The holidays can be a wonderful time, especially when you have your family around you. Holidays are a great time to bond with your close and extended family members, carry on old traditions and start some new ones. However, if you have custody issues with a current or former partner, the holidays can be more complicated.
One of the first issues will always be whether or not you already have a court order. Holidays are almost always specifically addressed in custody orders. The majority of the time, these holidays will either be split by the parents or alternating years. There will also be specific drop off and pick up times. Parents with these orders need to understand that the holiday time provisions override the provisions for regular visitation. For example, if a father has every other weekend visitation, if it is the mother’s year to have the child for Easter, the mother will get the child for the holiday, even if it would have otherwise been father’s visitation time.
If parents do not yet have a custody order, they should carefully consider what would be the best holiday schedule to fit their family. Parents should think about the traditions that they have and that they would like to see carried on, and attempt to fashion a holiday schedule to suit their family’s particular needs. Parents should not always assume that the children should always be with half-siblings on major holidays. Although the courts do not overlook the importance of bonding between half-siblings, the right of a parent to spend time with a child will override that consideration.

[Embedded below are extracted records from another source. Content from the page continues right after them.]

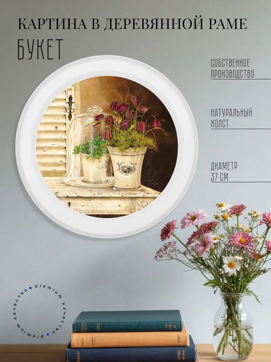 Настенный декор, выполненный в нежных пастельных тонах, станет изысканным акцентом интерьера. Картина на холсте с изображением утончённых цветочных композиций привнесёт атмосферу уюта и гармонии в вашу комнату. Этот стильный элемент великолепно дополнит любое пространство — будь то гостиная, спальня или кухня. Рама из натурального дерева добавляет теплоту и элегантность, а покрытие матовым лаком защищает изображение от пыли и повреждений.
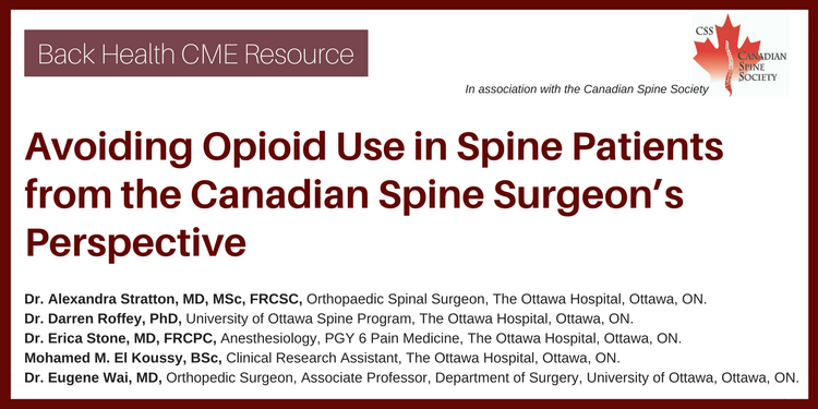 The Canadian Spine Surgeon’s Perspective: Avoiding Opioid Use in Spine Patients
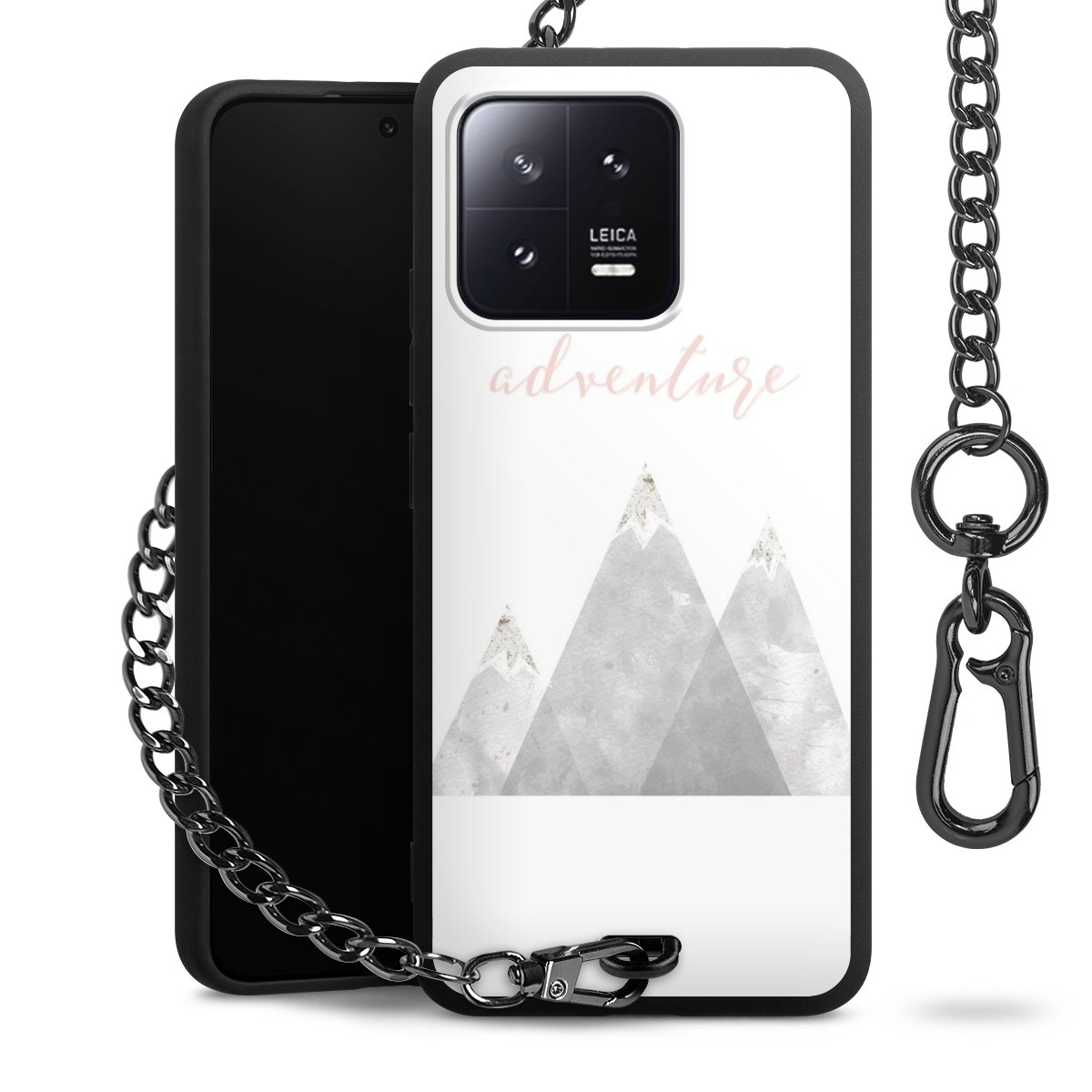 • Mattschwarze Handyhülle mit Metallkette
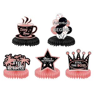 - 24pcs small table toppers (with sassy phrases like “Still the Boss” — chef’s kiss for retirees)
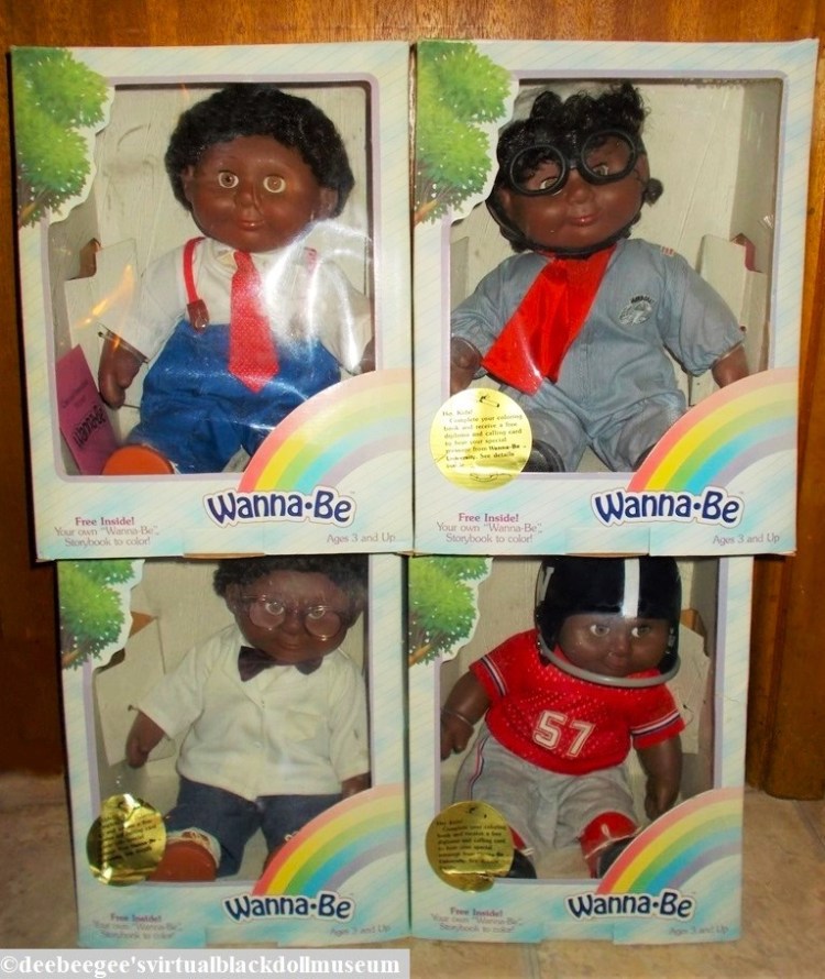 Other: The Wanna-Be dolls are career-inspiring playthings created by the corporation of the same name with a 1986 copyright. Dolls in the series included male and female pilots, doctors, teachers, executives, firefighters, soldiers, a male football player, and a female cheerleader.
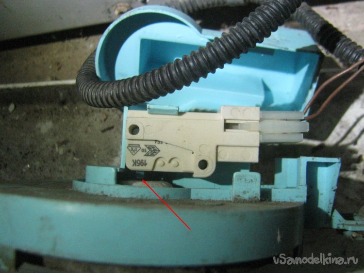 Состоит этот датчик из пенопластового поплавка и концевика. Когда поплавок всплывает, концевик нажимается и стиралка в ужасе начинает выкачивать воду, считая, что хозяина затапливает.
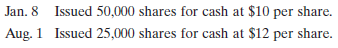 Jan. 8 Issued 50,000 shares for cash at $10 per share. Aug. 1 Issued 25,000 shares for cash at $12 per share.
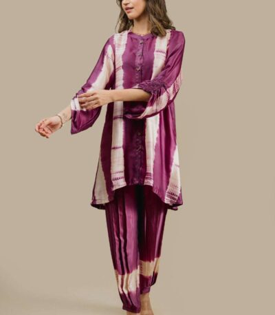Women’s Cotton Tie Dye Print Two-Piece Lounge Set Tunic with Wide-Leg Pants, Resort Wear ( Purple White )

Creating an agreed holiday schedule between the parents has significant advantages. For one thing, as mentioned above, the parents can take into account their respective families’ own traditions. For another, parents are able to make time for two celebrations of the same holiday. Parents can, for example, make sure that each parent has the ability to have a large Thanksgiving celebration with the child by providing each parent with a couple of the days during Thanksgiving break. Finally, parents can carve out exceptions or time differences for particular holidays. Halloween, for example, is one holiday when having a “standard” exchange time of 6 pm could be very inconvenient. Parents should be mindful of this when making their own schedule.